▶ _Directions for this task_
Retype each line below precisely and omit all images.

▶ _Information supplied_
◇ ◇ ◇ ◇ ◇

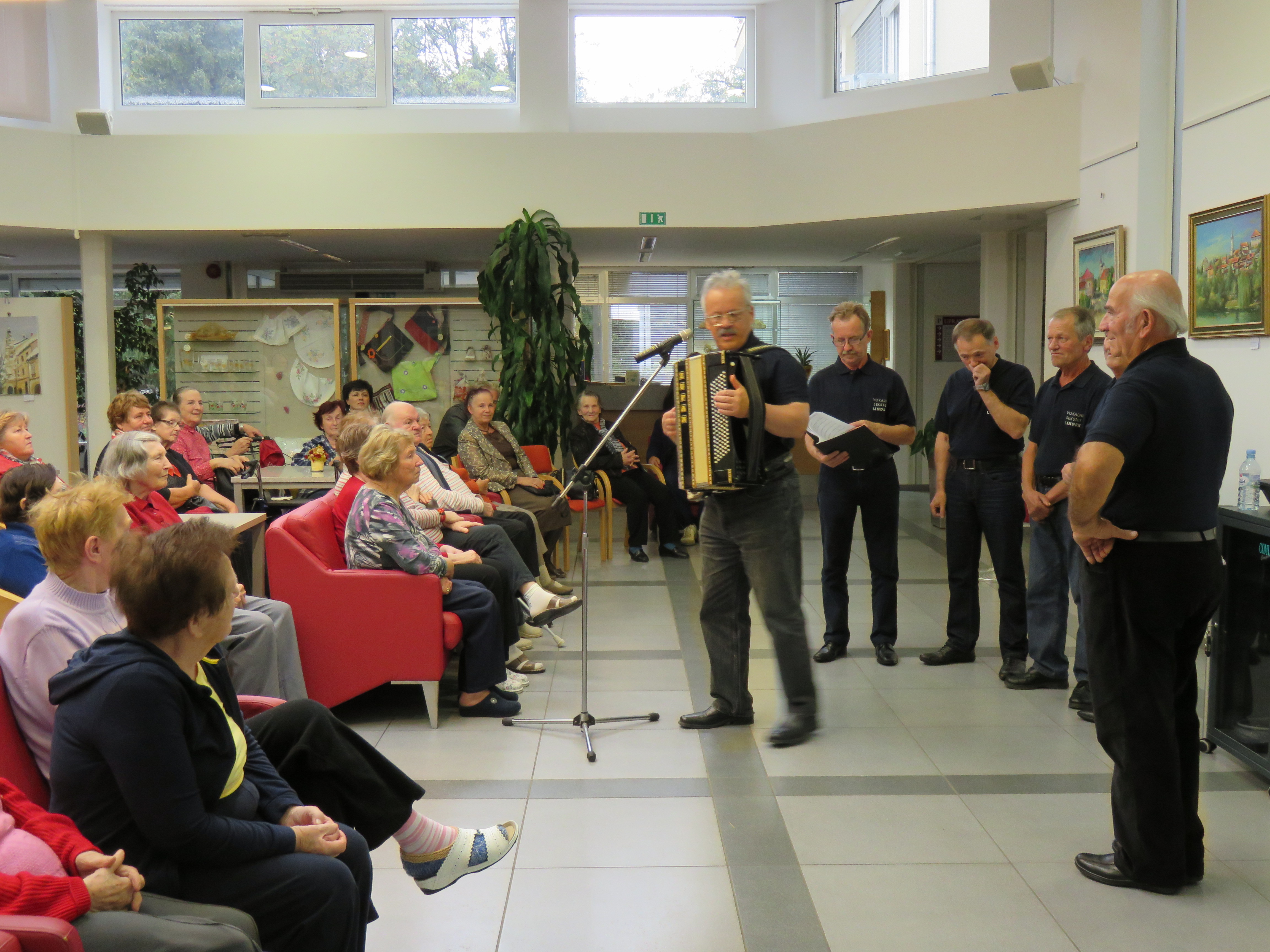 V turobnem deževnem popoldnevu srede, 7.10.2015, smo se vsi razveselili nastopa članov seksteta Lindek iz Frankolovega. Program je dodatno obogatil gospod Franc Žerdoner z odličnim igranjem na harmoniko in povezovanjem teksta. Stanovalci so z veseljem prisluhnili ubranemu petju pesmi, ki so jih ponesle v preteklost in obudile spomine.
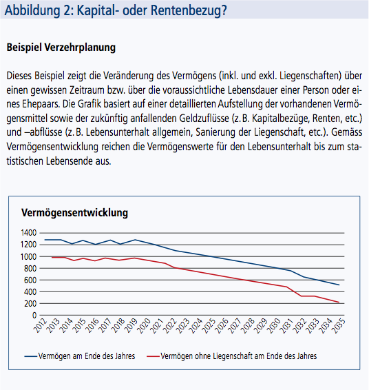 Die sich daraus ergebenden Vermögenszu- oder -abflüsse können mit den vorhandenen Vermögenswerten kombiniert werden. Eine Vermögensentwicklung lässt sich somit antizipieren und auch grafisch darstellen, was gewisse Entscheidungsfindungen (z. B. geplante Schenkungen, Anschaffungen, Liegenschaftsunterhalt usw.) vereinfacht (vgl. Abbildung 2).
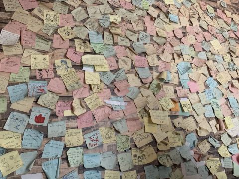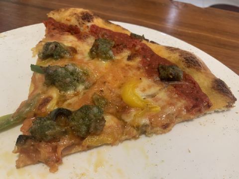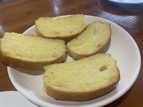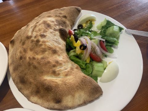 要不是因为来之前打了电话,都不相信这是正在营业的店……瞧这门脸,没有开灯的店面,隔壁桌小情侣帮忙叫了一下老板才有人出来。 再看墙上的留言,有内味儿了,是我们喜欢的小破店。 点了招牌的自制肉肠披萨,说肉丸还差不多,料非常足,芝士很多,薄饼底边是脆的,饼底是软的,浸了番茄酱,特别好吃。 巨盒披萨造型很特别,切开有很多汁,饼是软软的,馅儿的芝士非常多,还配了很新鲜蔬菜。 披萨是现烤的,要等,好在蒜香面包很快,脆脆的,有蒜香不过吃了不会满嘴蒜味,很棒。

◇ ◇ ◇ ◇ ◇

▶ _Exercise solution_
 V turobnem deževnem popoldnevu srede, 7.10.2015, smo se vsi razveselili nastopa članov seksteta Lindek iz Frankolovega. Program je dodatno obogatil gospod Franc Žerdoner z odličnim igranjem na harmoniko in povezovanjem teksta. Stanovalci so z veseljem prisluhnili ubranemu petju pesmi, ki so jih ponesle v preteklost in obudile spomine.
 Die sich daraus ergebenden Vermögenszu- oder -abflüsse können mit den vorhandenen Vermögenswerten kombiniert werden. Eine Vermögensentwicklung lässt sich somit antizipieren und auch grafisch darstellen, was gewisse Entscheidungsfindungen (z. B. geplante Schenkungen, Anschaffungen, Liegenschaftsunterhalt usw.) vereinfacht (vgl. Abbildung 2).
 要不是因为来之前打了电话,都不相信这是正在营业的店……瞧这门脸,没有开灯的店面,隔壁桌小情侣帮忙叫了一下老板才有人出来。 再看墙上的留言,有内味儿了,是我们喜欢的小破店。 点了招牌的自制肉肠披萨,说肉丸还差不多,料非常足,芝士很多,薄饼底边是脆的,饼底是软的,浸了番茄酱,特别好吃。 巨盒披萨造型很特别,切开有很多汁,饼是软软的,馅儿的芝士非常多,还配了很新鲜蔬菜。 披萨是现烤的,要等,好在蒜香面包很快,脆脆的,有蒜香不过吃了不会满嘴蒜味,很棒。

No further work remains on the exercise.